I thought 1 will would cover all but I now believe that a will must be made in Spain for Spanish asset. Also this is a first will. Don't know if that makes any difference? Thank u
 
1. If you have asset(s) in Spain you need to make a will there.
2. If you have asset(s) in Ireland you need to make a will here.
3. One will will not cover the other, you need two wills.
 
I don't know if you have an Irish Times subscription but Dominic Coyle had an interesting (and relevant) reply to a question about a making a will in relation to assets in France and Ireland: https://www.irishtimes.com/business...r-two-dealing-with-foreign-property-1.4860599

Here is an extract:

"In practical terms, the main reason for having separate wills in each country where you have assets is to streamline the probate process. If there is only the one will, it will have to go to probate successively in each country where there are assets and this can be a time consuming process. Worse, distribution of the assets can be held up while the process is ongoing.
One international legal firm recounts the possibly apocryphal tale of a client who had one will covering assets in seven different countries. The process of getting probate took 23 years, during which time most of the intended beneficiaries passed away themselves. Not that it would have made much difference, they said, as by the time lawyers in the seven different countries were paid for sorting out the man’s affairs, there was precious little left for them to inherit anyway.

With separate – but not contradictory – wills, the legal process can run concurrently in whatever number of countries you hold assets.

A second issue is that legal constructs that are valid in one country might not be accepted in another. One example, in the French case, relates to their understanding and treatment of trusts......

........
This is the bread and butter of many legal practices: wills are legal documents and they have a language all their own which is designed to ensure there is no confusion. Money spent on legal advice and guidance in writing a will is money well spent – all the more so for people with anything other than the simplest of personal finances, such as yourselves with this foreign property.

A key risk with multiple wills is that one inadvertently revokes the intention of the other. In general, a subsequent will overrides any previous will. So if you have an overarching will to cover, say, your worldwide assets and then subsequently draw up a French will that clashes with certain provisions of th Irish will, it is the later French will that determines what happens to the assets it covers.

If for no other reason, this alone explains the worth of letting solicitors / notaires handle these matters.
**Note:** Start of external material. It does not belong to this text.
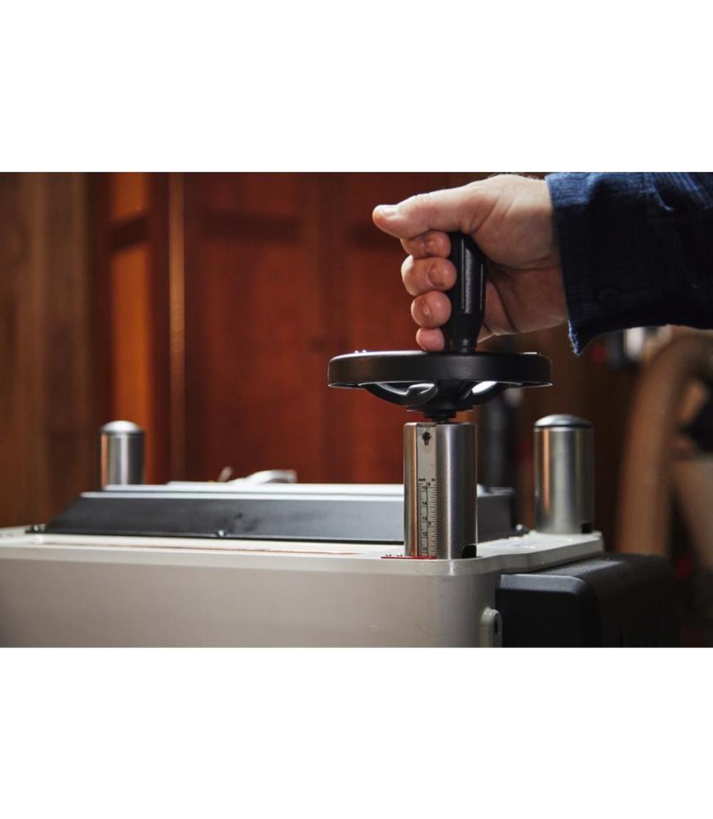 Large hand wheel with positive gear drive easily moves the head to the desired board thickness

And make sure they have sight of both wills to check that they do not work counter to one another, or revoke intended provision for inheritance."
 
I don't know if you have an Irish Times subscription but Dominic Coyle had an interesting (and relevant) reply to a question about a making a will in relation to assets in France and Ireland: https://www.irishtimes.com/business...r-two-dealing-with-foreign-property-1.4860599

Here is an extract:

"In practical terms, the main reason for having separate wills in each country where you have assets is to streamline the probate process. If there is only the one will, it will have to go to probate successively in each country where there are assets and this can be a time consuming process. Worse, distribution of the assets can be held up while the process is ongoing.
One international legal firm recounts the possibly apocryphal tale of a client who had one will covering assets in seven different countries. The process of getting probate took 23 years, during which time most of the intended beneficiaries passed away themselves. Not that it would have made much difference, they said, as by the time lawyers in the seven different countries were paid for sorting out the man’s affairs, there was precious little left for them to inherit anyway.
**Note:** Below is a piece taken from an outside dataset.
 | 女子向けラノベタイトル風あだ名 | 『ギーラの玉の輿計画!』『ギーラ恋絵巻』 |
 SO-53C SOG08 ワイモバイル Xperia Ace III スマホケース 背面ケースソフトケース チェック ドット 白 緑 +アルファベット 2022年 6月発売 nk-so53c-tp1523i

With separate – but not contradictory – wills, the legal process can run concurrently in whatever number of countries you hold assets.

A second issue is that legal constructs that are valid in one country might not be accepted in another. One example, in the French case, relates to their understanding and treatment of trusts......

........
This is the bread and butter of many legal practices: wills are legal documents and they have a language all their own which is designed to ensure there is no confusion. Money spent on legal advice and guidance in writing a will is money well spent – all the more so for people with anything other than the simplest of personal finances, such as yourselves with this foreign property.
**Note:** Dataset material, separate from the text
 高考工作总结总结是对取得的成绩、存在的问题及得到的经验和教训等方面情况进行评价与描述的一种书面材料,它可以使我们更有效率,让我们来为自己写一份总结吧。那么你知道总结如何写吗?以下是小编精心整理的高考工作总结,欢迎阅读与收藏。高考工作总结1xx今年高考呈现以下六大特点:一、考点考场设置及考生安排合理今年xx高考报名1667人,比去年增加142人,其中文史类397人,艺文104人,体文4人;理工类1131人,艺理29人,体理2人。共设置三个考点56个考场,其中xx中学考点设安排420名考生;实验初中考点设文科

A key risk with multiple wills is that one inadvertently revokes the intention of the other. In general, a subsequent will overrides any previous will. So if you have an overarching will to cover, say, your worldwide assets and then subsequently draw up a French will that clashes with certain provisions of th Irish will, it is the later French will that determines what happens to the assets it covers.

If for no other reason, this alone explains the worth of letting solicitors / notaires handle these matters. And make sure they have sight of both wills to check that they do not work counter to one another, or revoke intended provision for inheritance."
That's interesting piece early riser
 
If a Irish married couple is making a will in another EU country, in this case Spain to cover an asset there..... Must they also make a will here in Ireland to deal with what's in Ireland?
I thought 1 will would cover all but I now believe that a will must be made in Spain for Spanish asset. Also this is a first will. Don't know if that makes any difference? Thank u
One Will CAN deal with your entire estate worldwide if it is worded correctly. Ie should not contain any clauses limiting it or the revocation clause to a particular jurisdiction.

However If the Will includes any restrictive or limiting clauses such as “ this is my last will and testament in respect of my assets in Ireland” or “ in respect of my assets in Spain” then the will can only deal with the assets in that country.
If you make more than 1 will you must be very careful that the wording in the revocation clause in each will clearly states that you are only “revoking all previous wills made dealing with your assets in this jurisdiction “ or “revoking all previous wills save and except my last will dated ....... dealing with my assets in Spain”
If the revocation clause is worded incorrectly and revokes all previous wills then only the last will executed can be proved.
This could mean that you die testate in relation to your estate in one jurisdiction BUT Intestate in relation to the assets in the other jurisdiction. Which could mean that the distribution of your estate is not as you would have intended.

If there is Only one Will made then the Original of that will is proved in one jurisdiction ( usually the one with the most assets or where domiciled but it is up to the Executor which he deals with first )
As the original Will will then be retained in the Probate Court in that jurisdiction your Executor will need to exhibit & file a court sealed and certified copy of said Will in the other jurisdiction in order to obtain Probate.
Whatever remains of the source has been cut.